In Südamerika hingegen ist Tierwohl ein Fremdwort, sind die sozialen Normen auch nur dürftig. "Wir hier in der EU, wir versuchen in allen Belangen, spitze zu sein. Wenn's auch nicht immer einfach ist, aber wir tun das für die Verbraucher."
"Wir sind gegen Einfuhren von landwirtschaftlichen Produkten", sagt folgerichtig dieser Landwirt. "Oder, wenn, dann nur, wenn eine 'Spiegelklausel' vorgesehen wird. Heißt konkret: gleiche Normen für alle!"
Clarinval versteht Unmut
Der föderale Vizepremier- und Agrarminister David Clarinval zeigte am Nachmittag im Parlament Verständnis für die Proteste der Landwirte. Das Mercosur-Freihandelsabkommen sei in seiner jetzigen Form noch zu unausgewogen, sagte der MR-Politiker während der wöchentlichen Fragestunde in der Kammer.

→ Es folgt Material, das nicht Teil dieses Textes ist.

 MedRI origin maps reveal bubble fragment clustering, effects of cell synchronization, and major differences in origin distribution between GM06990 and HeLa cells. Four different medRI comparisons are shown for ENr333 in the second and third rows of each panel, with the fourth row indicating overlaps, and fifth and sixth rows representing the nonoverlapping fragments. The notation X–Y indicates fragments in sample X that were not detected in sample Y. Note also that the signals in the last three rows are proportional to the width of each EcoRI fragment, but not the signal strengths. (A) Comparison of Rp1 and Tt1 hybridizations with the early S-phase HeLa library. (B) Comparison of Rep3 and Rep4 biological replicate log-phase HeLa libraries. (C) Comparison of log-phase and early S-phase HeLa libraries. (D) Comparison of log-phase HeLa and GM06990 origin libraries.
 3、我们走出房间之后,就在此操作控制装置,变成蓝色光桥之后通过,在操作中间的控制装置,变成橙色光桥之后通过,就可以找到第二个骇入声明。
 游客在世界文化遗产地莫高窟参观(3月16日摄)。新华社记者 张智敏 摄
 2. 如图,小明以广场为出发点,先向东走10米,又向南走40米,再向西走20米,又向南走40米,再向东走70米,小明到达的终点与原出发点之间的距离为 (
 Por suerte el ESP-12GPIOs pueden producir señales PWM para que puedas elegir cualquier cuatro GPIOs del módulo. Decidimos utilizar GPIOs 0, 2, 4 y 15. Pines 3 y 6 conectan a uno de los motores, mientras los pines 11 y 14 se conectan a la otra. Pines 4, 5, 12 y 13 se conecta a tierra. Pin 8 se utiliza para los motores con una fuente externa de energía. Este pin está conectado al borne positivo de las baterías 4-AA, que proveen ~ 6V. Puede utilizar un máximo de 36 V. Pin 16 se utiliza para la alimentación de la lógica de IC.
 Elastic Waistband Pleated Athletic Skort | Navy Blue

Es fehle tatsächlich noch eine Klausel, die dafür sorgt, dass für die südamerikanischen Bauern dieselben Auflagen gelten wie für die europäischen. Belgien werde sich dennoch nicht den Gegnern anschließen können, sondern sich lediglich enthalten, so Clarinval.
Trotz dieser grundlegenden Bedenken seinerseits könne sich Belgien aber nicht den Gegnern des Abkommens anschließen, sagte Clarinval. In dieser Frage müsse man sich nämlich mit den Regionen abstimmen. Und im Gegensatz zur Wallonie sei Flandern ein Mercosur-Befürworter. In einem solchen Fall müsse sich Belgien nun mal im Ministerrat enthalten.

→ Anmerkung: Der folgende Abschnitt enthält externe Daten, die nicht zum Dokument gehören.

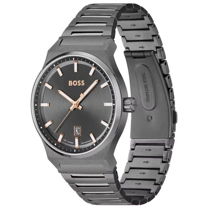 Hugo Boss 1514078 to klasyczna propozycja dla panów, którzy cenią sobie monochromatyczne rozwiązania w eleganckim wydaniu. Stworzony w ramach kolekcji Candor model ten został zaprojektowany z myślą o osobach, które szukają zegarka pasującego zarówno do garnituru, jak i mniej formalnego stroju. Jego grafitowa koperta o średnicy 41 mm w połączeniu z grafitową tarczą i bransoletą tworzy wyjątkowo harmonijny wizerunek, utrzymany w chłodnym, stonowanym klimacie. Całość cechuje się spokojnym, ale stanowczym charakterem, co czyni ten model idealnym uzupełnieniem stylu współczesnego mężczyzny.
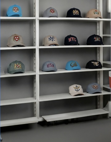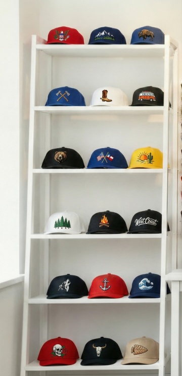 白色纯色背景,六个不同款式的帽子以2x3网格规整排布,每个帽子保持与原图一致的高清晰度产品摄影风格,统一使用柔和均匀的顶光照明,呈现细腻的布料纹理和自然阴影,包含以下完全不同的帽子元素:1. 米色渔夫帽配黑色皮质防风绳 2. 深蓝色棒球帽带白色刺绣logo 3. 灰色针织冷帽带毛球装饰 4. 棕色皮质鸭舌帽配金属搭扣 5. 军绿色迷彩棒球帽 6. 黑色贝雷帽配丝绸缎带,所有帽子保持相同尺寸比例和专业商品展示角度,整体画面简洁干净,突出产品细节和材质质感。
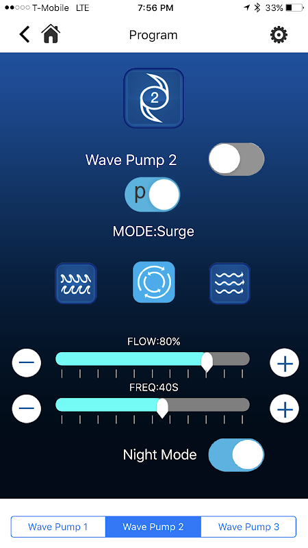 - modus malam Opsional sync pompa gelombang dengan lampu, mengurangi aliran di malam hari
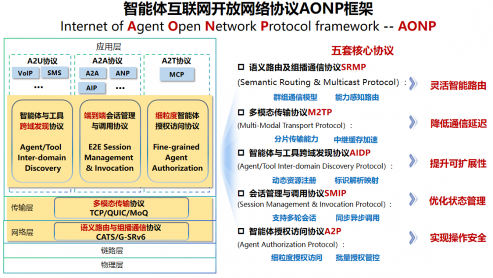 五项协议构成协议簇框架,从网络基础能力优化、端到端、跨域通信保障等维度为多智能体互联协作提供了更全面的能力组合。
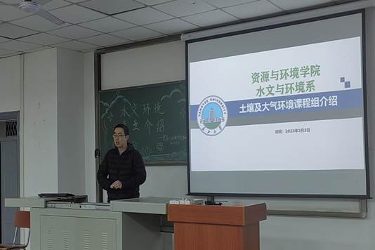 会议之初,王老师从专业设置,国家发展,团队力量等方面为同学们进行介绍水环系基本情况,让同学们对水环系的学习,发展,优势等有一个明确具体的认知。最后以“和谐师生,幸福资环”作结,衷心期盼欢迎同学们的到来。
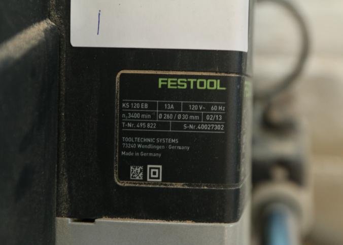 Festool model KS120 EB mitering 10" radial arm saw. Measures approx 24"x32"x26"t. Pickup must be completed Thursday, September 8 by 3PM.
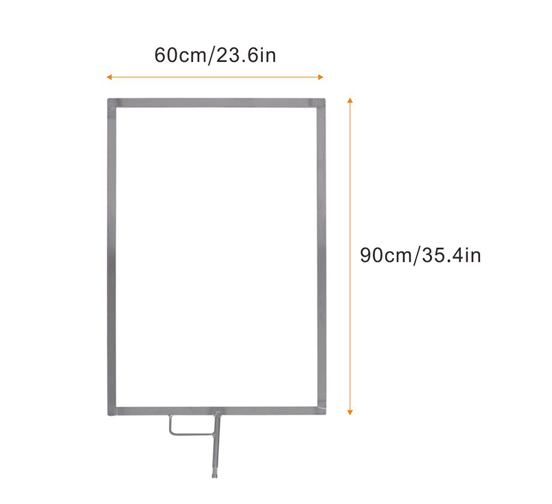 Белый просветный флаг с рамой из неразборного алюминиевого профиля с плоским сечением и опорой, которую можно использовать для подвешивания на стойку, когда флаг не используется.

Die Verhandlungen zwischen der EU und den Mercosur-Staaten sind mittlerweile auf der Zielgeraden. Deswegen schalten die Landwirte jetzt auch einen Gang höher.
Aktion an der E40 ohne Zwischenfälle
An der Autobahn E40 waren es am Donnerstagvormittag noch ein gutes Dutzend Traktoren, die die Fahrbahn Höhe Welkenraedt in Richtung Lüttich blockieren - zwischenzeitlich waren es noch mehr.

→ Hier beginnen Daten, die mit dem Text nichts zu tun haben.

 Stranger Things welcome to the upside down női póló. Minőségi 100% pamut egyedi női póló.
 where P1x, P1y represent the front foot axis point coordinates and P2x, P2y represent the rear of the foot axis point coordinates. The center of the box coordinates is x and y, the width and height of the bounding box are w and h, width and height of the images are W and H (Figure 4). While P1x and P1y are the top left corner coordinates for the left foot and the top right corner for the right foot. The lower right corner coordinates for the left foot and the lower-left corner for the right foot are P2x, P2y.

Die Aktion an der E40 verlief ohne Zwischenfälle. Die Autofahrer hätten großes Verständnis, so Laurent Klein, Hauptinspektor bei der Föderalen Polizei. Zu den Auswirkungen auf den Verkehr sagt er: "Es hält sich in Grenzen. Zur Spitzenzeit im Berufsverkehr war etwas mehr als sonst. Aber insgesamt verläuft es doch angesichts der Umstände relativ gut."
Obwohl der Bauernbund Ostbelgien an der Aktion nicht teilgenommen hat, waren auch ostbelgische Landwirte bei der Blockade am Eupener Autobahnkreuz zu finden. So zum Beispiel der Ameler Landwirt Roland Backes.
Déjà-Vu für Junglandwirte
Für die Junglandwirte muss sich das wie ein Déja-Vu anfühlen. Schon zu Jahresbeginn hatten die Landwirte ihren Unmut kundgetan. Tagelang hatten sie protestiert, vor allem gegen sinkende Einnahmen, Umweltvorschriften aus Brüssel und ihrer Meinung nach zu viele Vorgaben.
Damals konnten die Bauern den verschiedenen Regierungen des Landes und vor allem der EU eine Reihe von Zugeständnissen abringen. Doch sei davon nur ein geringer Teil auch umgesetzt worden, beklagen die Bauern.
Viele haben das Gefühl, der bisherige Protest habe nicht die erhofften Erfolge gebracht. Umso entschlossener sind sie jetzt im Kampf gegen das Mercosur-Abkommen. Wie lange sie die Proteste durchziehen wollen, ist noch offen.